The plan was criticized by many,[19][20][21] including Stephen LeClair, the new financial accountability officer for Ontario. LeClair warned that the sale of an entity that generated a $750-million profit[22] in 2014[23] would lead to a long term negative financial impact for the province.

The sale will certainly provide short term benefits, generating an estimated total of $9 billion[21] at a time when the provincial government is "desperate for money" (according to The Globe and Mail), with one of the largest subsovereign debts in the world.[24] The estimated revenue will not all be a windfall for the provincial coffers however, since roughly $5 billion is earmarked to pay down Hydro One's $8.5 billion debt.[20]

The balance of the revenue from the Hydro One sale would help meet the targets laid out by the provincial Liberal government in its April 2015 budget. Although the budget announced some austerity measures, there was no indication of any new revenue sources. Even so, the plan was to reduce the Province's estimated budget deficit by $2.5 billion to $8.5 billion in the 2015-16 fiscal year, then to $4.8 billion in 2016-17 and to have a balanced budget by 2017-18, according to Finance Minister Charles Sousa.[25] This promise was made in spite of increasing demand for government services due to an aging population, at a time when "... a slowing domestic economy are putting downward pressure on its revenue streams,” according to Ed Clark, Wynne's chief advisor on government assets, as quoted in The Globe and Mail.[24]

On November 5, 2015, the province began the first phase of the process, with an initial public offering (IPO) of 81.1 million shares (equivalent to 13.6% of Hydro One) on the Toronto Stock Exchange.
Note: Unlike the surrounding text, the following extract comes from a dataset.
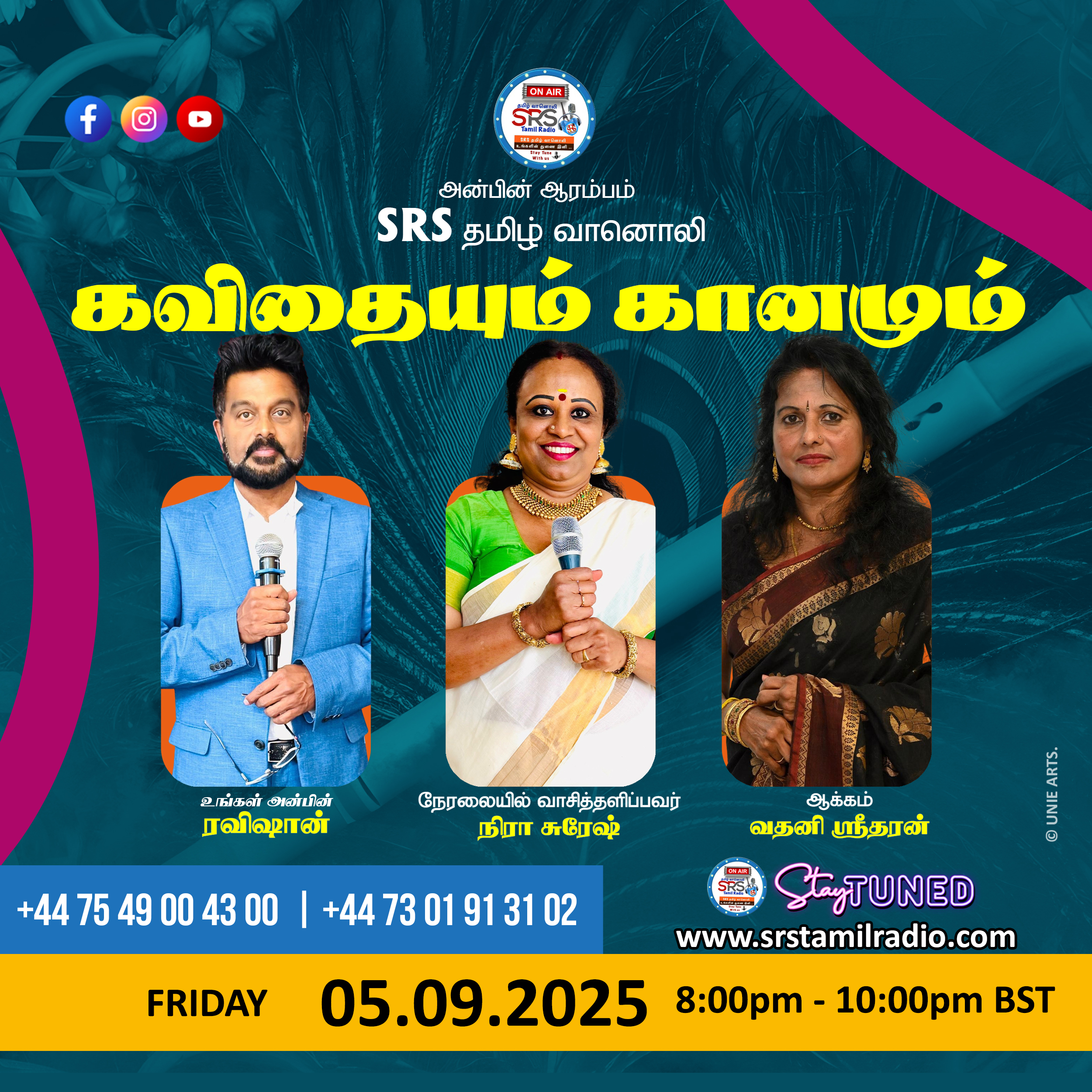 Live Shows கவிதையும் கானமும் நிகழ்ச்சி 05.09.25 கவிதையும் கானமும் நிகழ்ச்சி 05.09.25 September 3, 2025 / SRS admin / 0 Comments

It was the largest IPO in Canada since 2000.[26][27] The estimated proceeds from this IPO were expected to total $1.83-billion.[21] This was the first step in the long-term goal of gradually selling 60 per cent of the utility. Three more offerings, roughly the same size, are expected to follow.[21]

Finance Minister Sousa told stated on November 4, 2015 that the Hydro One IPO was already "oversubscribed" at that time, with more advance orders than the shares that would be available.[26] On November 5, 2015 the stock closed at $21.62, up 5.46 per cent or $1.12 from the IPO price of $20.50, with more than 18 million shares sold.[20] Although this is not necessarily indicative of a rosy future for the share price, Sousa was optimistic. “Every uptick on the market is an indication the future offerings will net even greater proceeds benefiting all Ontarians.”[20] However, shares dropped 3.9 percent on 2 December 2015 because of the Auditor-General warning that the cost of replacing outdated transmission assets was $4.47 billion, information that might continue to depress the share price. Hydro One responded by indicating that steps were under way to increase reliability: "There are several initiatives under way to ensure investments strike the appropriate balance between reliability and cost."[28]

Some consumer advocacy groups and some analysts have raised red flags, concerned with the risk of increasing electricity costs under a privatized Hydro One.[29][30] On the other hand, Brady Yauch, executive director of the Consumer Policy Institute[31] discussed the potential benefits in a Comment (op/ed) item in the Financial Post, including "lower rates for ratepayers".[32] His premise is based on the potential increase in productivity of Hydro One under private control, "something that the government has failed to do adequately", bringing high salaries into line, and reducing pension liabilities in future, with employees contributing higher amounts to their pensions. "Given the government’s performance over the last 15 years, it calls for hopeful optimism...," in his opinion.[citation needed]

A secondary offering of 72.4 million Hydro One shares, equivalent to 14.5%, in April 2016 generated $1.7 billion in revenue for the provincial government. Crown corporation Ontario Power Generation purchased 9 million of the shares, giving it a 1.5% stake in Hydro One.[3]

In May 2017 the Ontario government completed the third and final sale of Hydro One shares worth $2.8 billion.[33] With the completion of this offering, Ontario holds 49.9% of Hydro One's common shares.